Y a-t-il de guerres justes? Conférence de Louis Schweitzer

Malgré la douceur de cet après-midi printanier, il y avait du monde dans le temple pour débattre de ce sujet difficile et tellement d’actualité ! Avant toute chose, Christian Bouzy rappelle le culte œcuménique du 19 avril qui avait pour thème « face aux violences qui déchirent le monde, espérer avec Martin Luther King ». Il redit les références bibliques : les béatitudes chez Matthieu et cette parole du Christ, sur le bois de la Croix « père, pardonne-leur, car ils ne savent pas ce qu’ils font ! ». Est-il possible de mettre en œuvre jusqu’au bout ces commandements d’amour ? Quels principes nous guident ?
Louis Schweitzer prend la parole
Qu’est-ce qu’une guerre juste ? Devant ce mot « guerre », il y a trois attitudes différentes. Il y a la réaction cynique: c’est la loi du plus fort qui domine. Il y a la position pacifique : refus de la guerre. Entre les deux, il y a la guerre, juste avec un cadre (évidemment, la guerre injuste, c’est celle que l’adversaire fait ! ).

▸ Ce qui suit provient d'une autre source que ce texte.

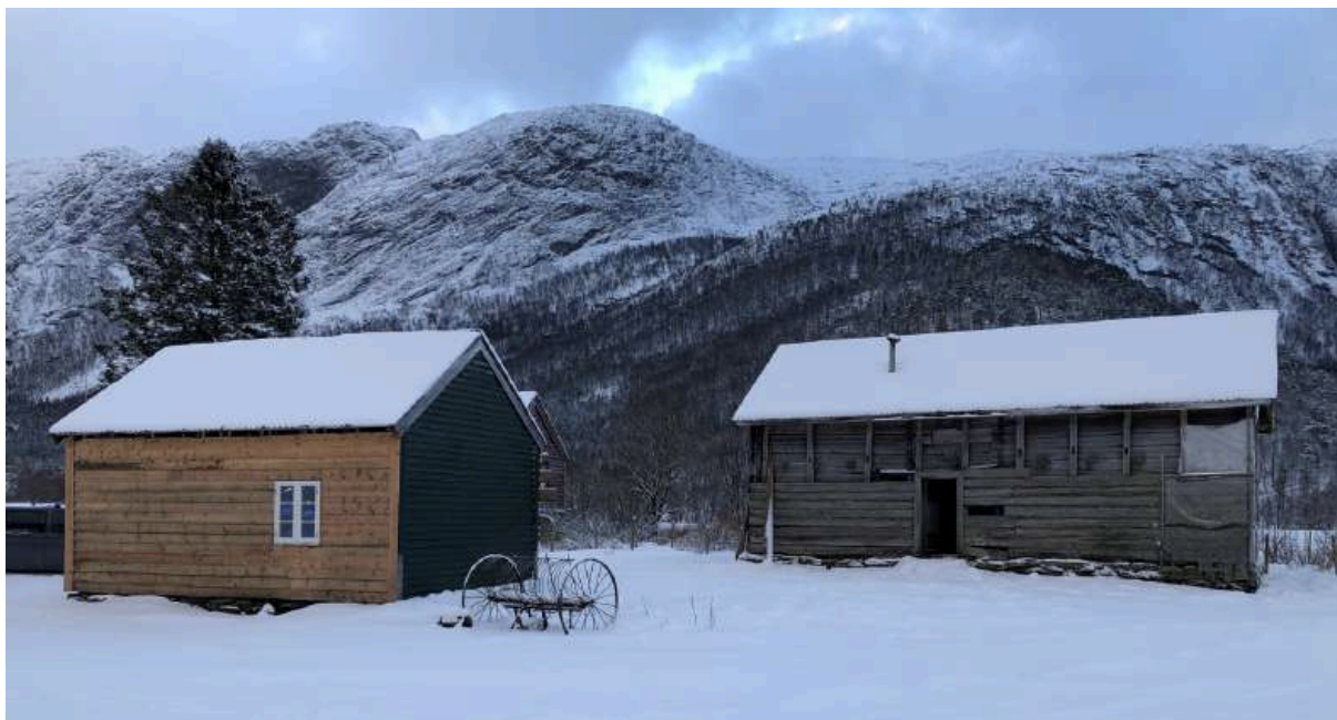
Eldhus og gammalt våningshus på Gallefoss.

fjøsen hadde dei to bøndene til saman 4 hestar, 59 kyr, 90 sauer, 68 geiter og to griser. Dei sådde ut i alt 13 tønner havre og 7 tønner poteter. Det er planar om å restaurere det gamle gardstunet på Gallefoss bnr. 1. Både her og elles i Guddalen finst det fleire gardshus av høgare alder enn nede ved fjorden.

Ce principe de guerre juste existe depuis l’Antiquité… Pour les Égyptiens, quand on rompt un engagement, il peut y avoir guerre. Pour Cicéron (premier siècle avant Jésus-Christ) « Une guerre juste est une guerre défensive en vue de la paix. ». Pour être légitime, la guerre doit être déclarée en bonne et due forme par un gouvernement, ne commencer qu’en dernier recours ; dans les combats, on doit éviter la violence excessive, il n’est pas nécessaire de détruire.
Les penseurs chrétiens
Saint-Augustin et plus tard, Saint-Thomas d’Aquin… Il faut un cadre : la guerre doit être déclarée par l’autorité, sa cause est juste si l’agression est réelle. Il faut rechercher la paix… l’intention doit être droite. On ne doit combattre que des combattants.
1990 – Années 2000
Un nouveau droit s’installe : il s’agit de traiter avec l’adversaire pour avoir une paix durable… Il faut qu’il y ait restauration. Ces principes sont difficiles à mettre en œuvre : chacun se sentant dans son droit (légitime défense !). Le pape François n’a pas craint de dire que « toute guerre est un mal absolu », même si les Églises ont béni les canons dans les deux camps !

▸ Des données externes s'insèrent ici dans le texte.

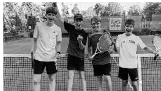
Unsere Junioren beim Feiern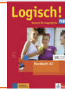
Logisch! neu A2

La non-violence essaye de casser ce cycle permanent des guerres ( chacune étant la justification de la prochaine ).
Le Christ parle de paix, de pardon, de réconciliation … Dans les 3 premiers siècles après Jésus-Christ, l’Église est globalement opposée à la violence mais au fil des siècles cela a changé ! (Toutefois, il faut citer deux particularités, celle des Anabaptistes et celle des Quakers: séparation volontaire entre l’Église et l’État… pour eux, la non-violence est totale.)

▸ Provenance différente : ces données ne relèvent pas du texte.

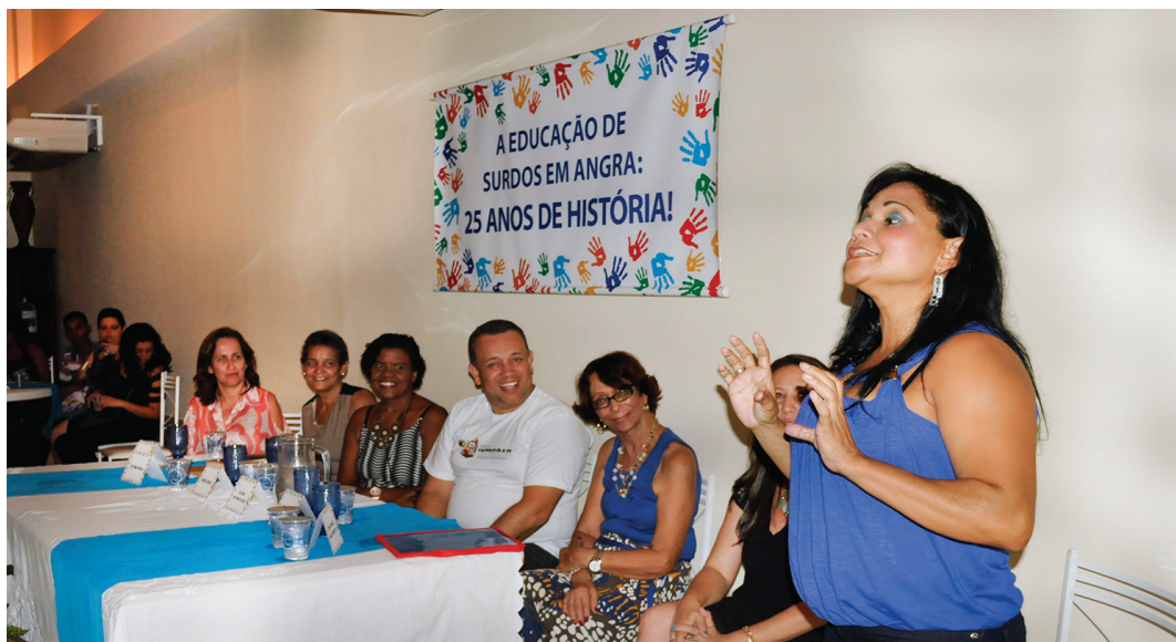
Cerimônia relembrou momentos que marcaram a história da Emes

Especiais (Cemane), fique pronto. Relatos de ex-alunos e ex-profissionais de educação que fizeram parte dessa história foram exibidos em um vídeo, assim como diversas fotos que retratam os 25 anos deste trabalho.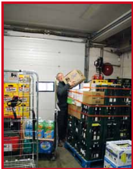
Le manque de place oblige à prendre des postures dangereuses pour le dos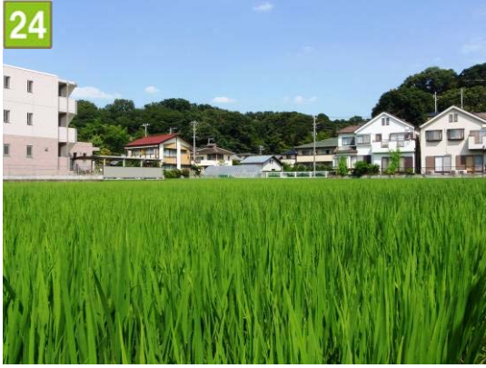
水田保全契約奨励事業（箕輪町三丁目）

Aujourd’hui, pour la plupart des Églises, il vaut mieux être non-violent,
sauf si c’est impossible ! Pour l’intervenant, la position juste est la position non-violente.
Que faire quand la guerre est déjà déclarée ?
Je sers le Christ seul.e ou j’accepte.
L. Schweitzer cite Jacques Ellul… dans son livre « Contre les violents », cet auteur nous invite à travailler à la justice, à la paix, à la réconciliation tant qu’il est temps ! Travail en amont… pour chacun à son échelle !
De nombreuses questions, remarques suivent.
Faits historiques passés, présents, douloureux… colonialisme, résistance, terrorisme… violence dans la Bible ?
Pas de réponse tranchée mais : un appel au discernement, une exhortation à exercer notre responsabilité chrétienne dans la prévention, pour tous ceux qui considèrent le Christ comme autorité, supérieure à toute forme de gouvernement.